TITLE 35. CORPORATIONS, PARTNERSHIPS, AND ASSOCIATIONS

CHAPTER 1. BUSINESS CORPORATIONS

Part 14. Benefit Corporations

Termination -- Reorganization -- Other Actions Affecting Benefit Corporation

35-1-1408. (Temporary) Termination -- reorganization -- other actions affecting benefit corporation. (1) A benefit corporation may terminate its status as a benefit corporation and cease to be subject to this part by deleting from the benefit corporation's articles of incorporation the statement and identification of public benefits required under 35-1-1405. The amendment is effective only if the amendment is adopted by at least the minimum status vote. If the amendment is adopted, a shareholder of the corporation may require the corporation to purchase at fair market value the shares owned by the shareholder as provided for in 35-1-827.

(2) If a reorganization of a benefit corporation would terminate the status of the corporation as a benefit corporation, the reorganization is effective only if the reorganization is approved by at least the minimum status vote.

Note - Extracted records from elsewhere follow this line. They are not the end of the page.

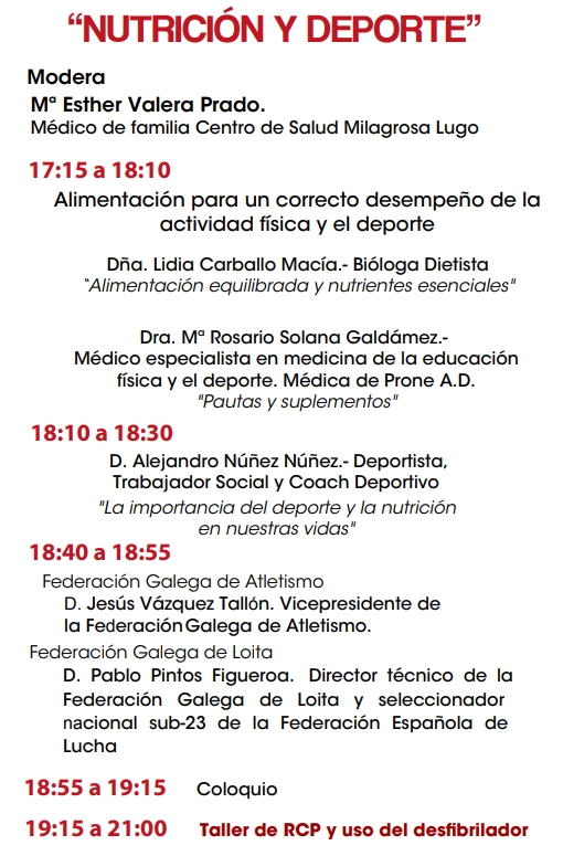 Desde las 5:00 p.m. hasta las 8:00 p.m., en el Auditorio de “O Vello Cárcere” en Lugo, habrá charlas-coloquios sobre diferentes temas destinados a informar a los ciudadanos sobre la importancia de practicar un deporte saludable y seguro. Asimismo, como enlace a todas las disciplinas deportivas y como complemento de estas charlas, destacar la importancia de la cardioprotección en cualquier competición deportiva, para ello se realizarán talleres de RCP / SVP con el uso del DESFIBRILADOR llevados a cabo por "Project + Lifetime". 5 minutos son cruciales para salvar una vida ".
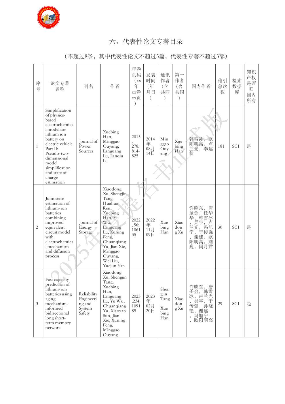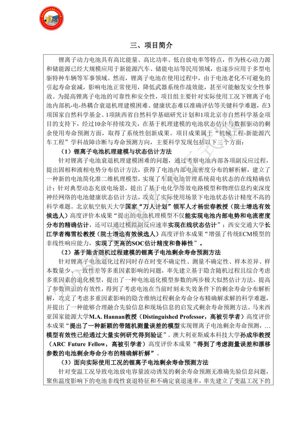 | 评审组: | 机械组 | | 项目名称: | 锂离子电池状态估计与剩余寿命预测方法及应用 |
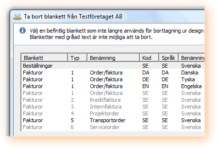 Dialogen ger även en överblick över vilka blanketter som finns skapade i företaget. Om en blankett inte finns i ett språk med en viss språkkod kommer blanketten enligt standardspråket (SE) att användas vid utskriftstillfället. Detta innebär i sin tur att borttagning av en blankett på en annan språkkod som används kommer att generera en blankett enligt standardspråket (SE). Detta kan också vara tillämpligt när man har använt speciella språkkoder för att få ett en specifik design till en viss kund och förfarandet inte längre används, man slipper alltså riskera att den gamla designen används för kunder vars språkkoder inte har förändrats.
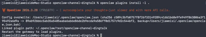 .):openclaw plugins install -l .
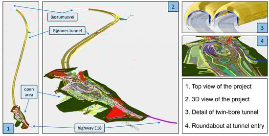 - NPRA. Gjønnestunnelen—Entreprise E105. 2024. Available online: https://www.vegvesen.no/vegprosjekter/europaveg/e18vestkorridoren/lysaker-ramstadsletta/gjonnestunnelen---e105/ (accessed on 1 June 2024).
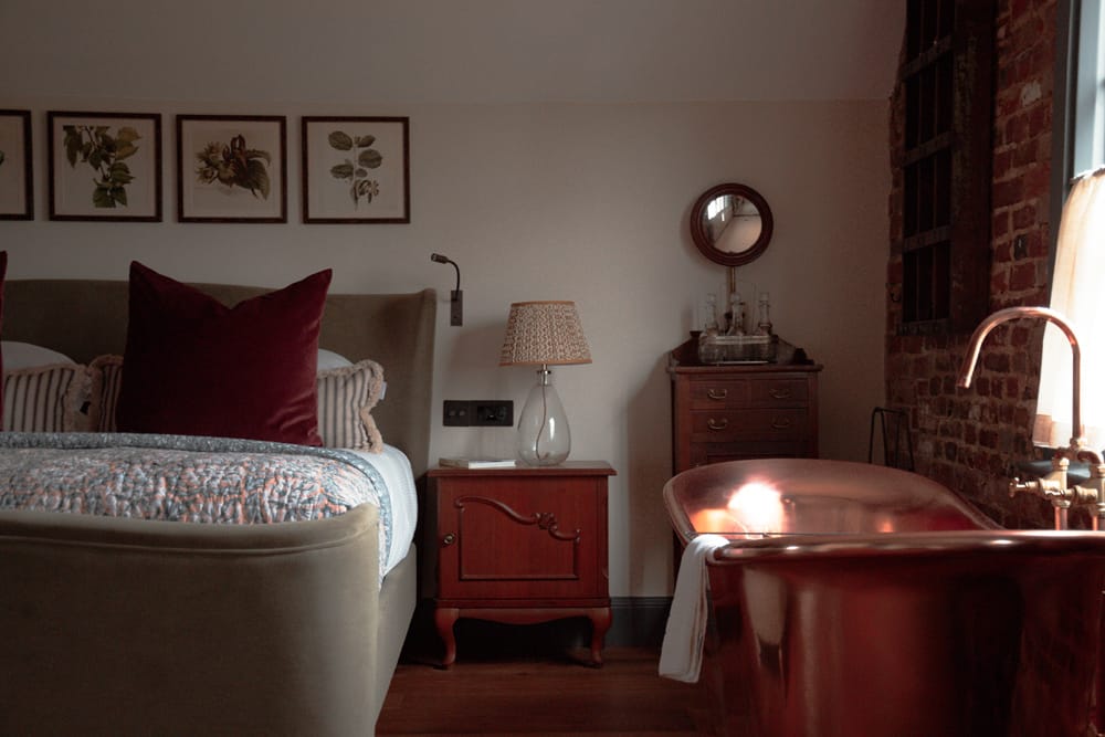The Cobnut Suite, with its copper roll-top bath and countryside views, is a romantic setting for newlyweds. The next morning, guests can enjoy a relaxed breakfast in the Sidney Room or individually in their rooms.

(3) If a benefit corporation is the converting corporation in a conversion, the conversion is effective only if the conversion is approved by at least the minimum status vote.

(4) A sale, lease, conveyance, exchange, transfer, or other disposition of all or substantially all of the assets of a benefit corporation, unless the transaction is in the usual and ordinary course of business of the benefit corporation, is effective only if the transaction is approved by at least the minimum status vote. If a transaction described in this subsection is not in the usual and ordinary course of business and is approved, a shareholder of the corporation may require the corporation to purchase at fair market value the shares owned by the shareholder as provided in 35-1-827.

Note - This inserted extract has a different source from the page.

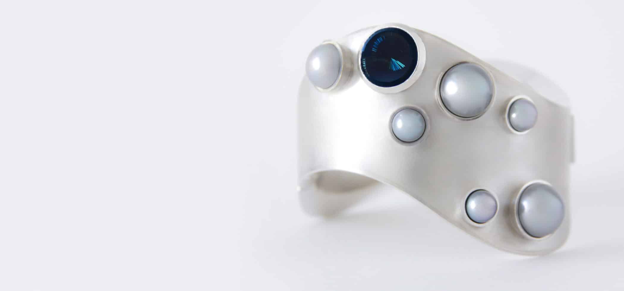 Katharina Kraus — In alle Richtungen asymmetrischer Armreif aus Silber, Weißgold mit Süßwasserperlen und Topas behandelt, geschmiedet und montiert
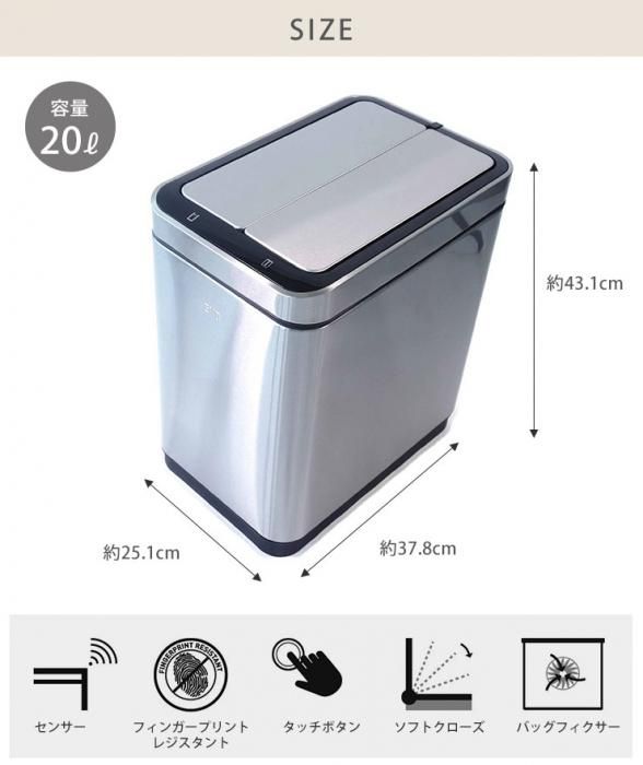 20Lはリビングなどのお部屋や複数個置いてキッチンでの分別用などにおすすめ。

35-1-1408. (Effective June 1, 2020) Termination -- reorganization -- other actions affecting benefit corporation. (1) A benefit corporation may terminate its status as a benefit corporation and cease to be subject to this part by deleting from the benefit corporation's articles of incorporation the statement and identification of public benefits required under 35-1-1405. The amendment is effective only if the amendment is adopted by at least the minimum status vote. If the amendment is adopted, a shareholder of the corporation may require the corporation to purchase at fair market value the shares owned by the shareholder as provided for in 35-14-1302.

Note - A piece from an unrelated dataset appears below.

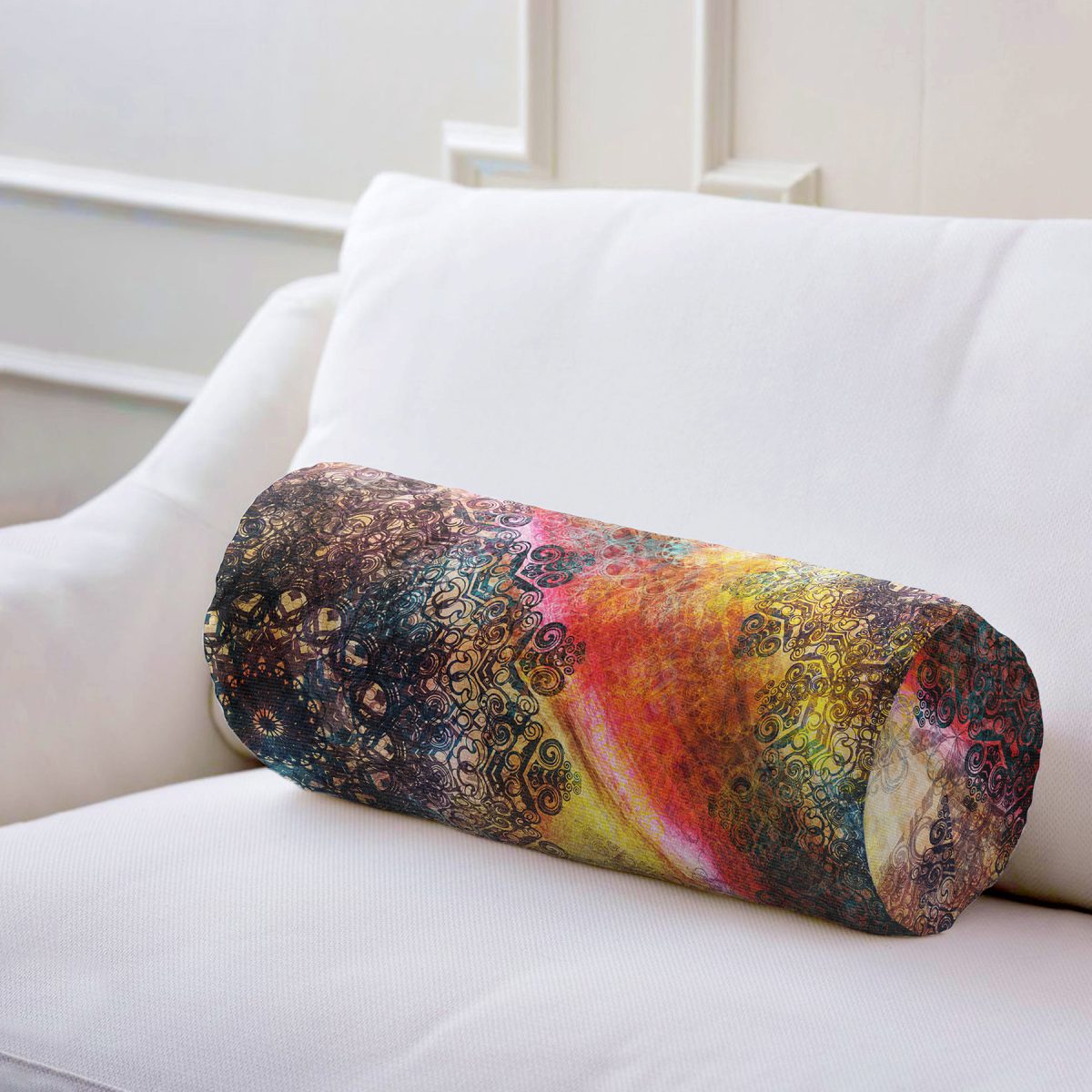 Sulu Boya Temalı Mandala Desenli Modern İç Dolgulu Süet Silindir Yastık Kırlent – Bel Yastığı

(2) If a reorganization of a benefit corporation would terminate the status of the corporation as a benefit corporation, the reorganization is effective only if the reorganization is approved by at least the minimum status vote.

(3) If a benefit corporation is the converting corporation in a conversion, the conversion is effective only if the conversion is approved by at least the minimum status vote.

(4) A sale, lease, conveyance, exchange, transfer, or other disposition of all or substantially all of the assets of a benefit corporation, unless the transaction is in the usual and ordinary course of business of the benefit corporation, is effective only if the transaction is approved by at least the minimum status vote. If a transaction described in this subsection is not in the usual and ordinary course of business and is approved, a shareholder of the corporation may require the corporation to purchase at fair market value the shares owned by the shareholder as provided in 35-14-1302.

History: En. Sec. 8, Ch. 306, L. 2015; amd. Sec. 243, Ch. 271, L. 2019.